Return the total number of substrings of s that satisfy the k-constraint. Constraints: 1 <= s.length <= 50, 1 <= k <= s.length, s contains only '0' and '1'.
Examples
Example 1
Input: s = "10101", k = 1
Output: 12
Every substring of s except the substrings "1010" , "10101" , and "0101" satisfies the k-constraint.
Example 2
Input: s = "1010101", k = 2
Output: 25
Every substring of s except the substrings with a length greater than 5 satisfies the k-constraint.
Example 3
Input: s = "11111", k = 1
Output: 15
All substrings of s satisfy the k-constraint.
Constraints
- 1 <= s.length <= 50
- 1 <= k <= s.length
- s[i] is either '0' or '1'.
Solution Approach
Sliding Window with Running Counts
Maintain a window of characters and track counts of consecutive 0s and 1s. Expand the window and update counts, checking if the substring satisfies the k-constraint before adding to the total.

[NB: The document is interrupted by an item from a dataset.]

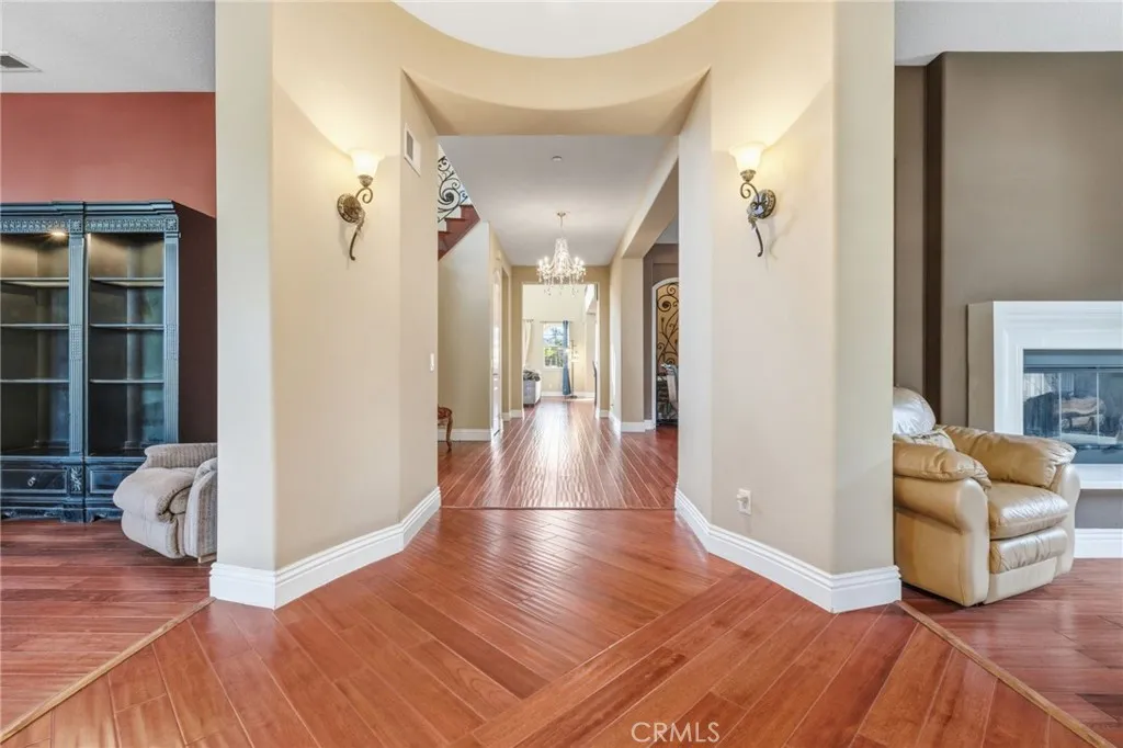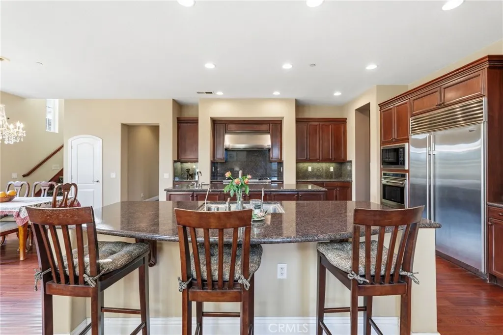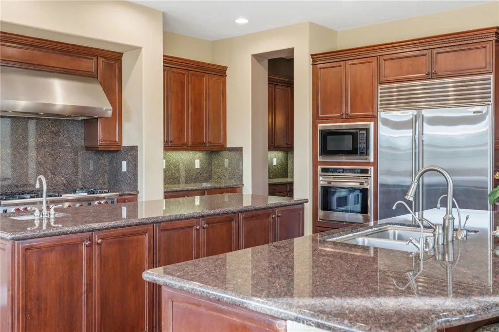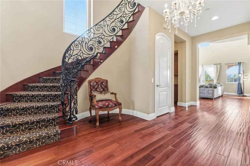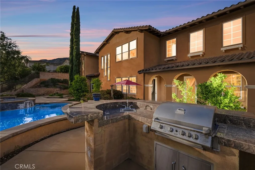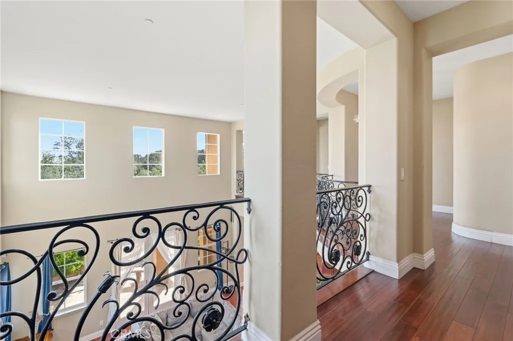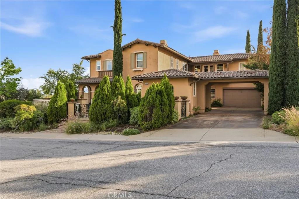 Perched above the city in the prestigious Stone Canyon Preserve of Padua Hills sits this Spanish Colonial Mediterranean inspired oasis. 4463 Cardinal Cushing offers an unparalleled blend of architectural grace and attention to detail. Nestled near the San Gabriel mountains with views that seem to stretch from now to forever Cardinal Cushing is an impressive 5,629 square feet living space on over a half acre lot. This residence commands attention with its striking hand forged iron work along the spiral staircase, hand distressed cherrywood floors and manicured grounds. Its perimeter is surrounded by cypress trees and unique fountains giving the feel of Provence in California. Upon entry, the home reveals an expansive, natural light-filled floor plan, designed for both grand-scale entertaining and intimate daily living. The professional kitchen serves as the heart of the home, boasting two grand granite kitchen islands, three Wolf ovens, a Sub-Zero refrigerator, butler's pantry, essential vegetable sink and walk in pantry. Many Michelin style dinners can be created here. The kitchen flows seamlessly into elegant living spaces characterized by high ceilings, French doors and refined finishes. The family room lends itself to both movie time with popcorn by the fire and entertaining guests. The five spacious en-suite bedrooms all offer breathtaking views. The luxurious primary suite acts as a private sanctuary, complete with a grand two-sided fireplace. Its bathroom offers a large soaking tub, large walk-in closet and vanity. The French doors from the primary open to a light filled balcony with views of the mountains. This is the perfect place to enjoy a quiet morning cup of coffee. Downstairs, tall French doors lead to the backyard that feels like a resort atmosphere, pool, spa, and a built-in BBQ are perfect for enjoying the temperate Southern California climate. A four-car garage space provides substantial storage and convenience, while the exclusive community setting ensures privacy and peace of mind. This prime cul-de-sac lot is located just a short walk or bike ride to the Claremont Hills Wilderness Park, Thompson Creek Trail, Blaisdell Ranch Preserve and the historic Padua Theatre. Also located near the Claremont Colleges, Western Christian School, Higginbotham Park, La Puerta Sports Park and convenient freeway access. Experience the pinnacle of Claremont living in a home that perfectly balances timeless European influence with contemporary comfort.

Incremental Substring Validation
Instead of recomputing for every substring, incrementally check each new character added to the window and adjust the state to determine if the substring remains valid.
Brute Force for Small Strings
For short strings, iterate through all possible substrings and validate each one directly against the k-constraint. Useful for initial understanding or verifying the sliding window implementation.
Complexity Analysis
| Metric | Value |
|---|---|
| Time | Depends on the final approach |
| Space | Depends on the final approach |
Time complexity ranges from O(n^2) for brute force to O(n) for optimized sliding window with running state updates. Space complexity is O(1) for counters or O(n) if storing all valid substrings.
What Interviewers Usually Probe
- Do you notice a pattern where counting substrings can be done without full recomputation?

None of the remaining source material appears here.